I appreciate the opportunity to be introduced to the work of poets who are not household names, but whose original voices are appealing and who are nimble poetic talents. They are, in many cases, accomplished and prolific. Among these are Michael Schmeltzer (“The Memory of Glass”), Nathan McClain (“Man Reflecting on Man”), Kathryn Nuernberger, whose long poem, “Translations,” kicks off the issue: “I want to believe we can’t see anything we don’t have a word for.”

There is a good balance of narrative poems and work with more lyrical tendencies. There is nothing crass or excessively edgy, though poems here tend toward the acerbic and emotionally cautious; and there is nothing overtly sentimental or impossibly innocent.
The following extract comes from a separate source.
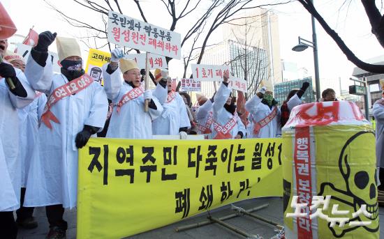 12일 오전 서울 세종대로 원자력안전위원회(원안위) 전체회의에서 30년의 설계수명이 끝난 뒤 가동이 3년째 중단된 원자력발전소 월성 1호기의 계속운전 허가 여부를 심사중인 가운데 경북 월성 주민들이 월성 1호기 폐쇄를 촉구하며 구호를 외치고 있다.

I admire the economy of Linda Cooper’s “Lament of Empty Shoes” (“How do I describe / the moment you know your heart / is going off by itself again?), and Lucille Lang Day’s skill at turning a family story, “Journeys,” into a piece that feels less claustrophobic and narrowly focused than many family poems often do:

Over and over, in my round and spindly
cells where the past softly breathes,
my mother, who told no one
she was descended from the Pilgrims
and the People of the First Light,
who brought them corn and deer,
names me “Light.” Over and over,
I ask myself, Where am I going?
How will I know when I’m there?

If you’re looking for smart new poems, you’ll know you’re there when you pick up this issue of Redactions.